=== Aim of the task ===
Print the entries below again exactly as they stand, but skip any picture.

== Segment start ==

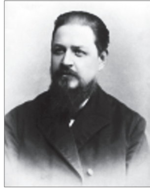
Фотопортрет І. Каманіна (1880–1890-і роки).

Протягом 45-ти років І. Каманін працював у Київському центральному архіві давніх актів (КЦАДА), і сучасники не уявляли собі цієї установи без нього. Саме архівознавчі студії визначили тематику більшості його наукових праць, а доступ до величезного масиву архівних документів уможливив запровадження до наукового обігу важливих, раніше невідомих джерел з історії України, Росії, церкви, національних меншин тощо. Багатогранна особистість ученого знайшла свій вияв у великій за обсягом та тематично різноманітній спадщині, що налічує близько 300 наукових праць та понад 720 кореспонденцій. Однак, у сучасній історіографії учений і досі залишається дослідником «другого плану».
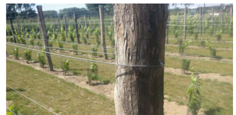
NIEUW Bouwpakket Steunconstructie voor de wijngaard
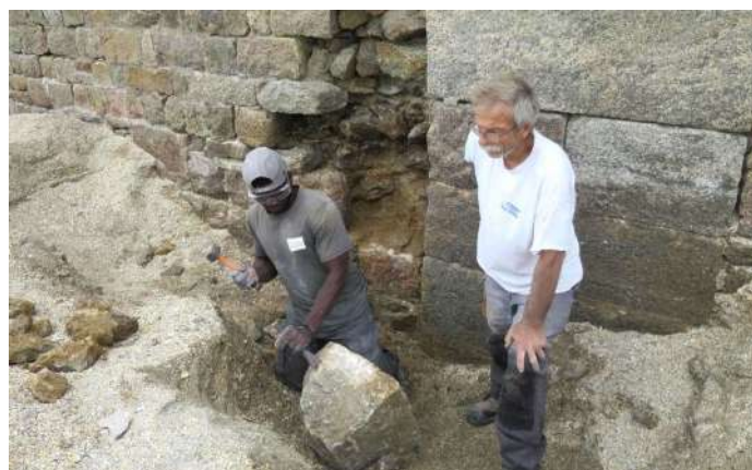
Un bénévole REMPART retaille un bloc de granite avec les conseils du chef de chantier.
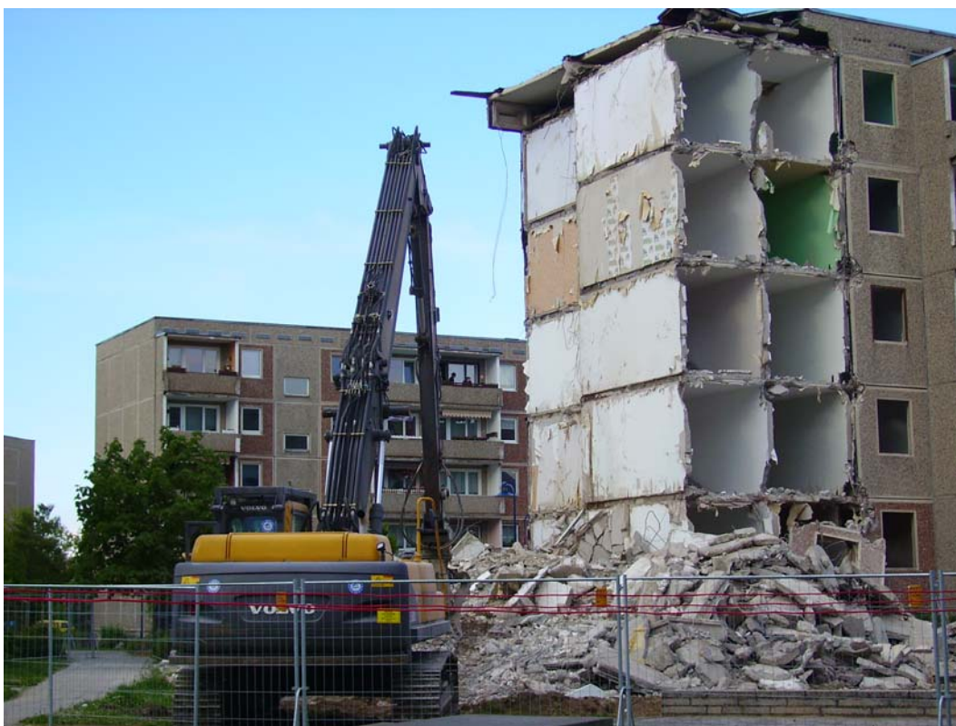
Ryc. 4. Wyburzanie budynków wielopłytowych w Bergen-Rotensee na Rugii (2006).

Wielka płyta doprowadziła do całkowitego przekształcenia krajobrazu miast w Europie. Związane z nią przemiany kulturowe i obyczajowe trudno dziś jednoznacznie ocenić, a w szczególności zanegować. Dlatego w Polsce kres wielkiej płyty nastąpił dopiero w chwili całkowitej dekapitalizacji bazy wytwórczej i wyczerpania zapasów prefabrykatów (1995). Z kolei w obu państwach niemieckich decyzję o zaniechaniu jej stosowania podjęto po ujawnieniu nieprawdopodobnej skali degradacji środowiska naturalnego i zbudowanego na wschód od Łaby (1991). W ślad za tym porzucono ciężką prefabrykację we Francji (1993).
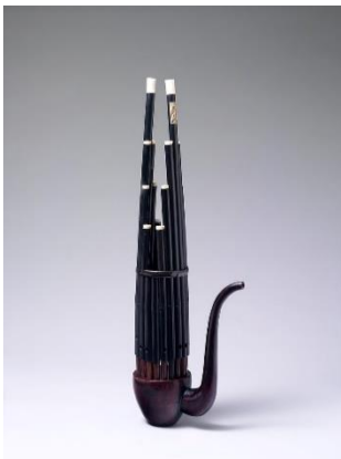
Slika 1: Šeng

Sastoji se od tri dijela: to su desna strana sa tipkama ili dugmićima, mijeh i lijeva ili basna strana. Harmonika je instrument koji pripada aerofonoj skupini instrumenata, odnosno instrumentima kod kojih se ton dobiva strujanjem zraka. Istovremenim pritiskom na tipku ili dugmić i povlačenjem mijeha, strujanje zraka uzrokuje titranje metalnih jezičaka koji na taj način proizvode ton. Registri koji se nalaze na obje strane dodatno omogućuju sviranje raznih tonskih visina kao i kombinaciju različite boje tonova. U ovom članku prikazat će se kratki povijesni razvoj harmonike, od njenih najranijih dana pa sve do danas.
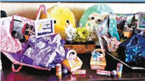
小朋友悉心佈置迎接復活節。

英國政府力促民眾只出外購買必需品，至今政府仍沒有把朱古力復活蛋列為必需品，但超市集團表明滿足顧客對復活節蛋的需求。Sainsbury's 已經獲得供應商保證朱古力復活蛋供應充裕，顧客到超市購買必需品時可以隨時選購各種與復活節有關
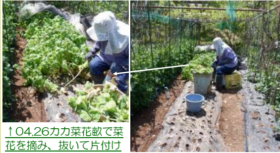
↑04.26カカ菜花畝で菜花を摘み、抜いて片付け
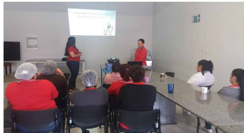
CAPACITAÇÃO DE FUNCIONÁRIOS
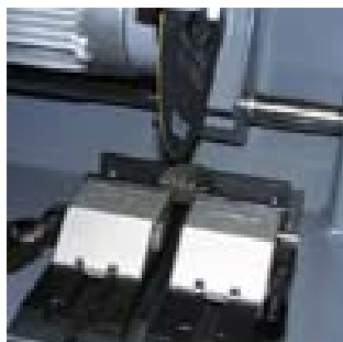
Ejemplos de Mordazas
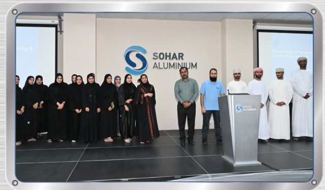
طالبة جامعة التقنية يزورون صحر أمنيوم Students from University of Technology Visit SA
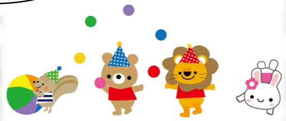
かくれんぼ中 せんせい、邪魔しないでね
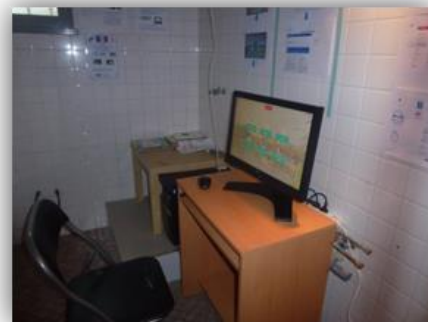
Borne tactile en accès libre

En septembre, Emilie GASCON, jeune CESF, est venue renforcer l'équipe pour quelques mois dans le cadre d'un service civique. Sa mission est d'accompagner les usagers vers l'outil numérique lors des temps d'accueil du public et de proposer des temps spécifiques afin de former ou de préparer les bénéficiaires au progressif basculement vers la dématérialisation. Les ateliers de prise en main de la borne ont démarré fin octobre 2016 et sont prévus jusqu'avril 2017, date de fin de mission pour le service civique.

== Segment end ==

=== Solution for this exercise ===
Фотопортрет І. Каманіна (1880–1890-і роки).

Протягом 45-ти років І. Каманін працював у Київському центральному архіві давніх актів (КЦАДА), і сучасники не уявляли собі цієї установи без нього. Саме архівознавчі студії визначили тематику більшості його наукових праць, а доступ до величезного масиву архівних документів уможливив запровадження до наукового обігу важливих, раніше невідомих джерел з історії України, Росії, церкви, національних меншин тощо. Багатогранна особистість ученого знайшла свій вияв у великій за обсягом та тематично різноманітній спадщині, що налічує близько 300 наукових праць та понад 720 кореспонденцій. Однак, у сучасній історіографії учений і досі залишається дослідником «другого плану».
NIEUW Bouwpakket Steunconstructie voor de wijngaard
Un bénévole REMPART retaille un bloc de granite avec les conseils du chef de chantier.
Ryc. 4. Wyburzanie budynków wielopłytowych w Bergen-Rotensee na Rugii (2006).

Wielka płyta doprowadziła do całkowitego przekształcenia krajobrazu miast w Europie. Związane z nią przemiany kulturowe i obyczajowe trudno dziś jednoznacznie ocenić, a w szczególności zanegować. Dlatego w Polsce kres wielkiej płyty nastąpił dopiero w chwili całkowitej dekapitalizacji bazy wytwórczej i wyczerpania zapasów prefabrykatów (1995). Z kolei w obu państwach niemieckich decyzję o zaniechaniu jej stosowania podjęto po ujawnieniu nieprawdopodobnej skali degradacji środowiska naturalnego i zbudowanego na wschód od Łaby (1991). W ślad za tym porzucono ciężką prefabrykację we Francji (1993).
Slika 1: Šeng

Sastoji se od tri dijela: to su desna strana sa tipkama ili dugmićima, mijeh i lijeva ili basna strana. Harmonika je instrument koji pripada aerofonoj skupini instrumenata, odnosno instrumentima kod kojih se ton dobiva strujanjem zraka. Istovremenim pritiskom na tipku ili dugmić i povlačenjem mijeha, strujanje zraka uzrokuje titranje metalnih jezičaka koji na taj način proizvode ton. Registri koji se nalaze na obje strane dodatno omogućuju sviranje raznih tonskih visina kao i kombinaciju različite boje tonova. U ovom članku prikazat će se kratki povijesni razvoj harmonike, od njenih najranijih dana pa sve do danas.
小朋友悉心佈置迎接復活節。

英國政府力促民眾只出外購買必需品，至今政府仍沒有把朱古力復活蛋列為必需品，但超市集團表明滿足顧客對復活節蛋的需求。Sainsbury's 已經獲得供應商保證朱古力復活蛋供應充裕，顧客到超市購買必需品時可以隨時選購各種與復活節有關
↑04.26カカ菜花畝で菜花を摘み、抜いて片付け
CAPACITAÇÃO DE FUNCIONÁRIOS
Ejemplos de Mordazas
طالبة جامعة التقنية يزورون صحر أمنيوم Students from University of Technology Visit SA
かくれんぼ中 せんせい、邪魔しないでね
Borne tactile en accès libre

En septembre, Emilie GASCON, jeune CESF, est venue renforcer l'équipe pour quelques mois dans le cadre d'un service civique. Sa mission est d'accompagner les usagers vers l'outil numérique lors des temps d'accueil du public et de proposer des temps spécifiques afin de former ou de préparer les bénéficiaires au progressif basculement vers la dématérialisation. Les ateliers de prise en main de la borne ont démarré fin octobre 2016 et sont prévus jusqu'avril 2017, date de fin de mission pour le service civique.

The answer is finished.